Поздравляю тебя с Новым Годом (немного запоздало – извини!) и хочу пожелать тебе только одного: здоровья и благополучия в дальнейшей твоей военной жизни – да хранит тебя судьба от всего дурного! Я так мечтала, что мы Новый Год встретим вместе, выпьем за здоровье папы, твое, мое и всех нас, но увы… теперь уже мне ничего не хочется готовить к встрече Нового Года. У нас много радостного: папу перевели в Красноярск – он работает в хороших условиях, зав. амбулаторией, надеется скоро быть дома (но я уже боюсь верить этому). Галя 20. 07. вернулась из поездки туда – виделась с ним – ты понимаешь это счастье, Лялюшка? Отвезла ему целый чемодан с продуктами. Там было много вкусных вещей.

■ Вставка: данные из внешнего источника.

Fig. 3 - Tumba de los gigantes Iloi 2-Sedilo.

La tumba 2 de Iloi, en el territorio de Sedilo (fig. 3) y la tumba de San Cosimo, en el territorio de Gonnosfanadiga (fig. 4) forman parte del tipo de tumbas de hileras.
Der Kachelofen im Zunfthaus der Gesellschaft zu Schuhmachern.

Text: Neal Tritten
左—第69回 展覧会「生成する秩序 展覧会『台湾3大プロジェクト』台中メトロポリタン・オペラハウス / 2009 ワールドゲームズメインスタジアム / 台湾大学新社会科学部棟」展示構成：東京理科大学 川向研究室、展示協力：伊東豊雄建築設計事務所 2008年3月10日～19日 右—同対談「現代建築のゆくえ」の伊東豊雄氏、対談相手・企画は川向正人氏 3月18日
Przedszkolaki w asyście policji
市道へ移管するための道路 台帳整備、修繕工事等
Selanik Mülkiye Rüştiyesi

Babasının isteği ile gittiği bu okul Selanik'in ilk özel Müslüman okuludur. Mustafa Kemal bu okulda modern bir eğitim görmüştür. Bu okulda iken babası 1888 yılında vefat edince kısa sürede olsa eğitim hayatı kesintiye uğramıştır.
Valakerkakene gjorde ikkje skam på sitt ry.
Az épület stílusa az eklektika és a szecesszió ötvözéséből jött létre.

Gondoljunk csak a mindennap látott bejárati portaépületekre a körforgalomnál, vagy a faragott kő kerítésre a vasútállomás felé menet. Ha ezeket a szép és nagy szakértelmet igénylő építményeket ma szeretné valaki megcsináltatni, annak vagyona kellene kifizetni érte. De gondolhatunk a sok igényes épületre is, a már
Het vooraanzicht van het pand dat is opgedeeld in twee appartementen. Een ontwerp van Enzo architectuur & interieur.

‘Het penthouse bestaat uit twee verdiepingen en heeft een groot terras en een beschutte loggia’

Передала ему деньги, в том числе твою 1000! Но ты ему только об этом в письме не пиши…

Галя считает, что он хорошо выглядит, хорошо, тепло одет, чисто выбрит, только сильно похудел.

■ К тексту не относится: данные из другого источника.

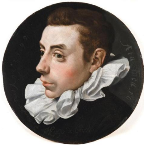
2. Jan van Ravesteyn (La Haye vers 1572 - 1657 La Haye) Portrait d'Hugo Grotius âgé de 16 ans , 1599 diamètre: 31 cm ; inv. 175
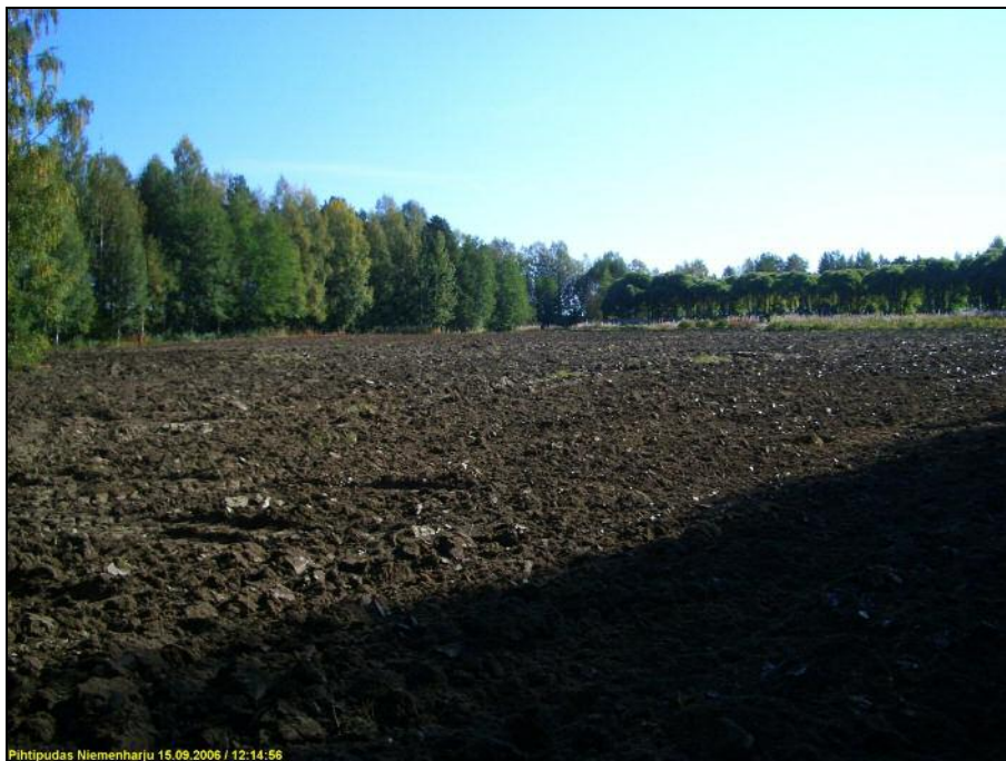
Pellon pohjoisosa, kuvattuna sen pohjoispäästä etelään.
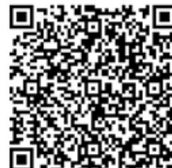
QR kód Android
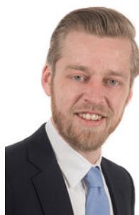
René Wetsteijn Makelaar o.z.

Als lokale experts kennen wij de regio Leiden van binnen en buiten. U kunt bij ons terecht voor al uw vragen en advies met betrekking tot onroerend goed. Wij zijn een servicegerichte organisatie en ondersteunen u bij elke stap van het transactieproces. Van tips om uw huis verkoopklaar te maken tot aan het verzorgen van een naamplaatje voor de nieuwe eigenaar van uw woning. Onze beroemde slogan luidt: "Niemand in de wereld verkoopt meer onroerend goed dan RE/MAX." Laat ons u overtuigen.
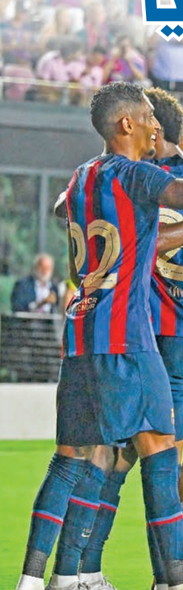
جانب من فرحة لاعبي برشلونة خلال المباراة

استهل برشلونة الإسباني جولته التحضيرية في الولايات المتحدة الأميركية، تمهيداً لانطلاق الموسم الجديد، بسداسية نظيفة أمام إنتر ميلان، لمايكه نجم كرة القدم السابق الإنكليزي ديفيد بيكهام على ملعب «درايف بنك ستادיום»، في ميامي، في ودية تآلق خلالها النوافذ الجديد إلى صفوف النادي الكاتالوني المهاجم البرازيلي رافينيا.
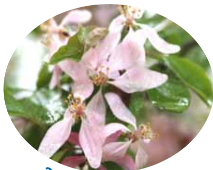
3: a r h
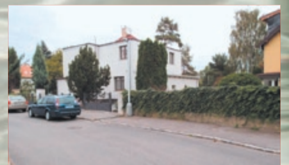
Zde domy stát zůstaly, ale musely samozřejmě projít kompletní rekonstrukcí
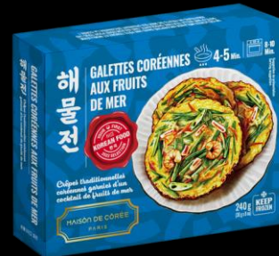
Galette Coréennes Fruits de mer 240g Shelf life : 24 months
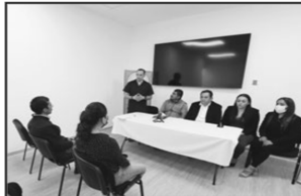
LA ASOCIACIÓN CIVIL UNINI UNTANI, LA CDPI, EL AYUNTAMIENTO DE ERONGARICUARO Y EL HOSPITAL ÁNGELES INICIARON JORNADA DE CIRUGÍAS.

Es decir, la primera osteotomía correctiva se trataba de una fractura ya consolidada por el tiempo en el húmero (hueso más largo de la extremidad superior) de un niño, que había fijado en forma negativa y provocaba poca funcionalidad en la extremidad y anti estética del brazo.

Я сейчас живу этой радостью. Собираюсь в конце января или в начале февраля к нему тоже поехать (от Челябинска к нему 3 суток езды). Если бы ты приехала – ты тоже смогла бы съездить к нему! Неужели возможность твоего приезда окончательно отпала? Я уже с 20.07. работаю, хотя еще не вполне «в форме» – рука еще не слушается, при операциях нога тоже отказывается долго служить, но это все пустяки. Главное – увидеть бы тебя! Пиши родная – не знаю где ты поэтому пиши на адрес С.С. Крепко тебя целую. Твоя мама.

<Письмо от Гали>

Здравствуй Лялюшка!

Мы с мамой ждали тебя, ждали и вдруг ты пишешь: неизвестно приедешь ли. Я недавно ездила к папе. Представляешь себе его радость, если и ты к нему приедешь после почти пяти с половиной лет разлуки. Ради этого стоит постараться! Не говоря уже о том, что нас ты тоже не видела скоро 2 года. Время бежит. Мы ждем тебя Лялюшка. Писем от тебя не имею давным-давно. Почему-то к маме доходят, а ко мне – нет. Так что я даже не знаю что писать. У нас ведь ничего нового не случается. Но я все-таки напишу на днях письмо целое. Целую Галя.